--- Action item ---
Set down every entry exactly as it stands, omitting any picture.

--- Provided entries ---
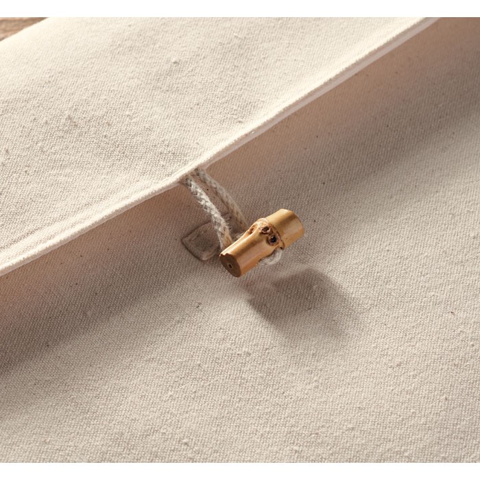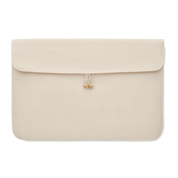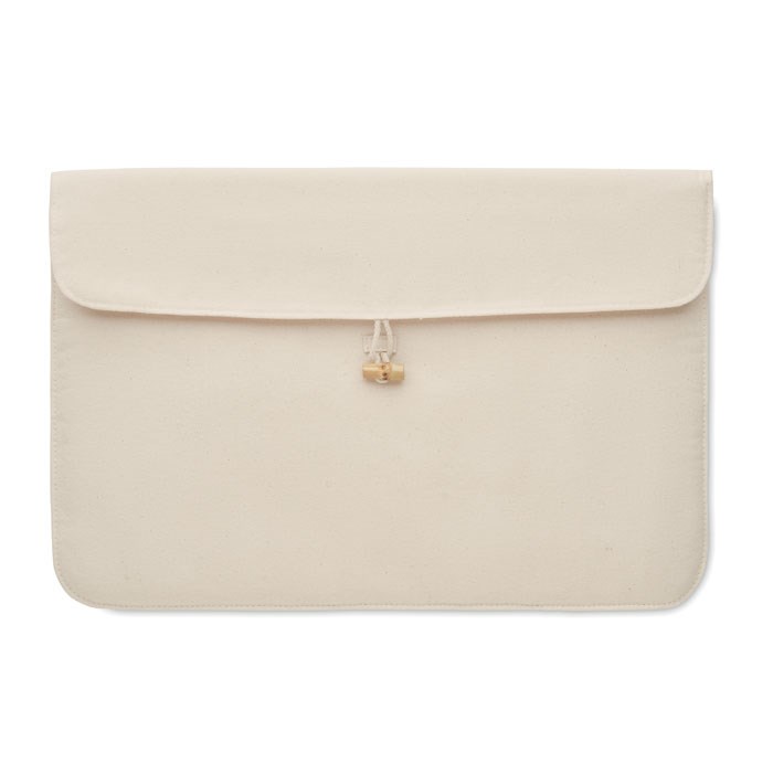Gepolsterte 15'''' Laptoptasche aus Baumwolle 220 g/m². Innenfutter 120 g/m². Bambus-Knebelverschluss.
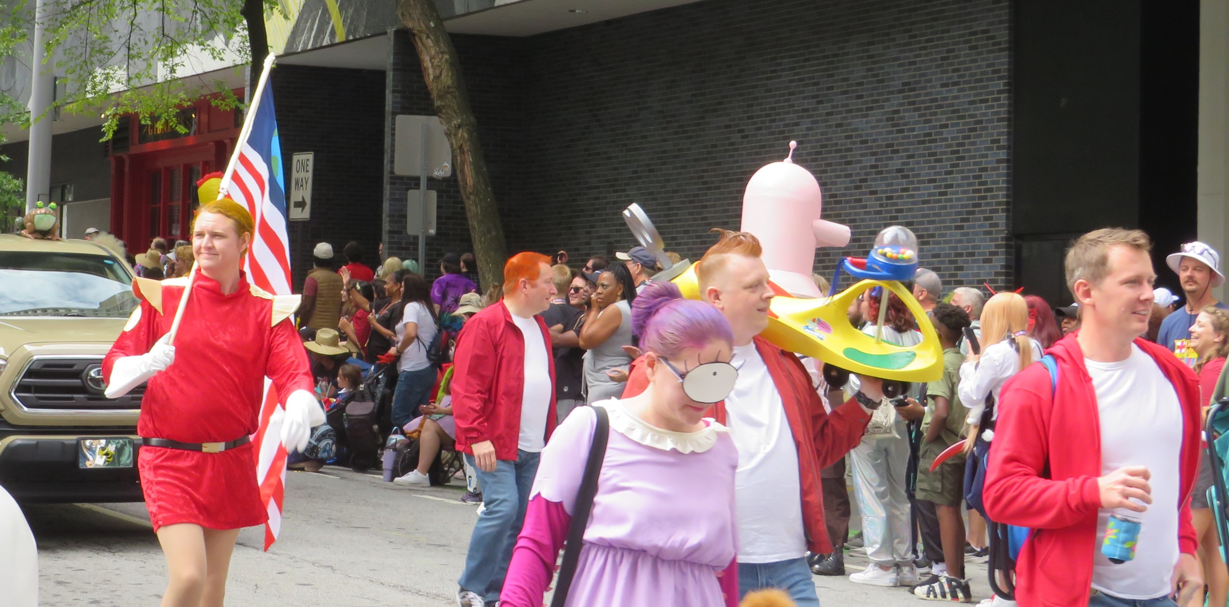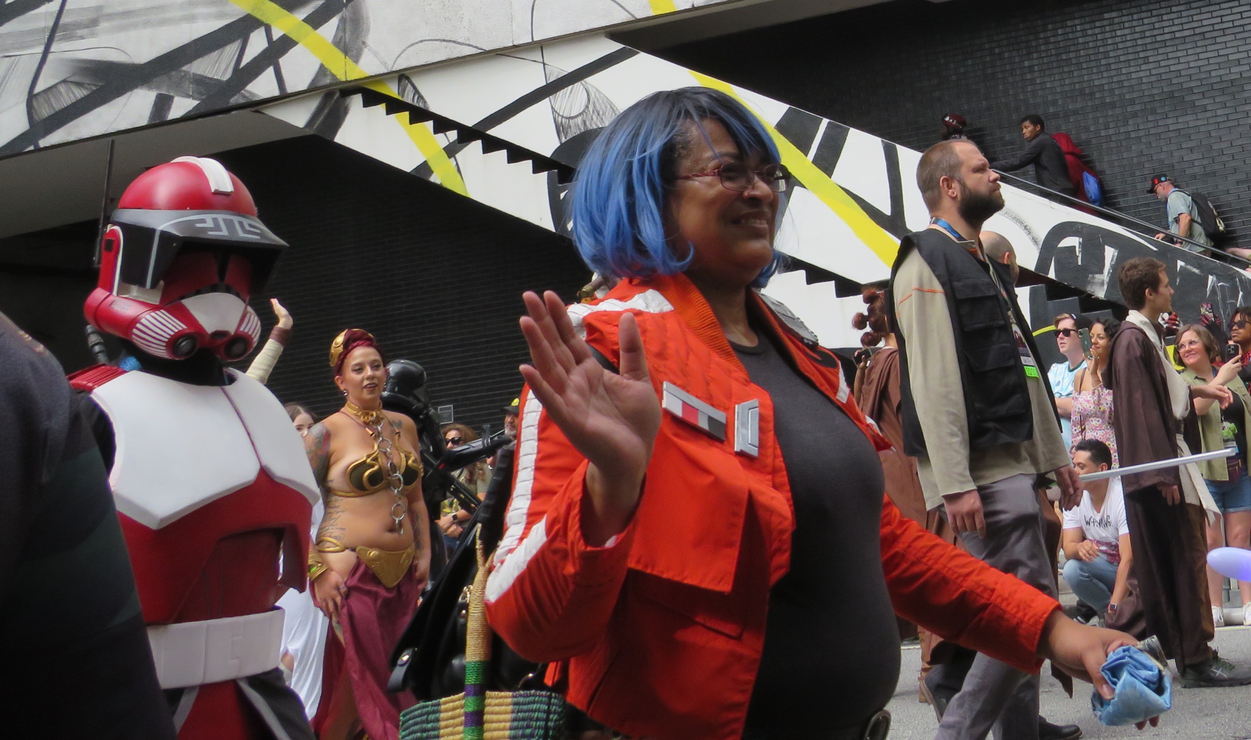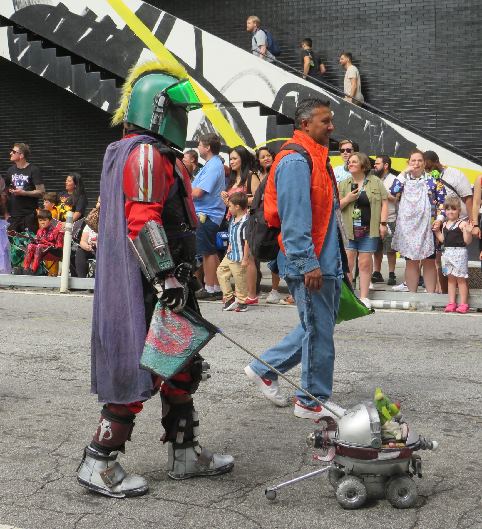 Hi-diddly-ho! It’s our fourth gallery from D*C’s annual Saturday morning cosplay parade, always one of our favorite events. The starter exhortations in Part 5 still apply here: if you recognize any characters we didn’t, by all means please let us know! We like meeting new faces, broadening our knowledge, correcting errors, and bridging the gaps in our aging memories where those character names used to be. Between us we took over 600 photos and couldn’t possibly have known everyone. Related note: if you or someone you know was in the parade and you’re hoping for shots of them, pretty-please let us know! We’re taking requests! We’ll be happy to search our files and post ’em if we got ’em. You might come away disappointed, or you might not!
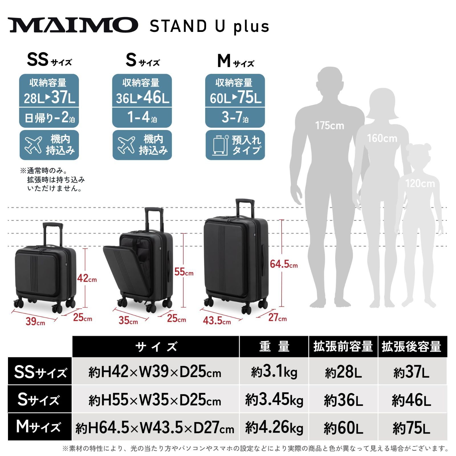 MAIMO スーツケース Sサイズ 機内持ち込み 日本メーカー フロントオープン×8 cm拡張機能付き 静音キャスター ストッパー付き HINOMOTO フロントオープン 前開き キャリーバッグ キャリーケース STAND U plus
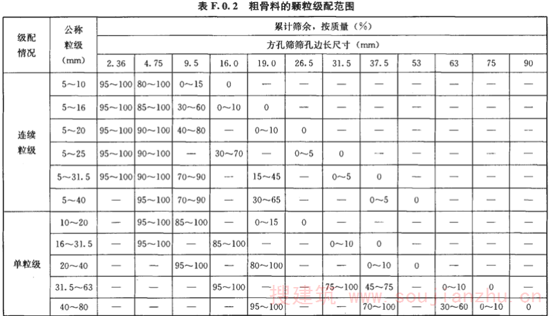 F.0.2 粗骨料的颗粒级配范围应符合表F.0.2的规定。
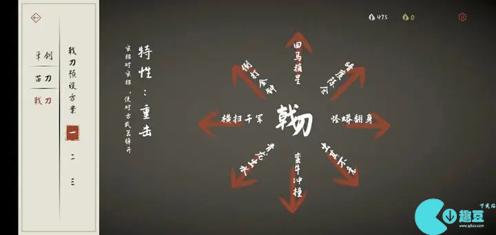 戟刀的实招碰到其他武器的实招时,会弹开对方武器,增加了戟刀的对拼优势,大大提高了戟刀的拆招能力。

--- Answer below ---
Gepolsterte 15'''' Laptoptasche aus Baumwolle 220 g/m². Innenfutter 120 g/m². Bambus-Knebelverschluss.
 Hi-diddly-ho! It’s our fourth gallery from D*C’s annual Saturday morning cosplay parade, always one of our favorite events. The starter exhortations in Part 5 still apply here: if you recognize any characters we didn’t, by all means please let us know! We like meeting new faces, broadening our knowledge, correcting errors, and bridging the gaps in our aging memories where those character names used to be. Between us we took over 600 photos and couldn’t possibly have known everyone. Related note: if you or someone you know was in the parade and you’re hoping for shots of them, pretty-please let us know! We’re taking requests! We’ll be happy to search our files and post ’em if we got ’em. You might come away disappointed, or you might not!
 MAIMO スーツケース Sサイズ 機内持ち込み 日本メーカー フロントオープン×8 cm拡張機能付き 静音キャスター ストッパー付き HINOMOTO フロントオープン 前開き キャリーバッグ キャリーケース STAND U plus
 F.0.2 粗骨料的颗粒级配范围应符合表F.0.2的规定。
 戟刀的实招碰到其他武器的实招时,会弹开对方武器,增加了戟刀的对拼优势,大大提高了戟刀的拆招能力。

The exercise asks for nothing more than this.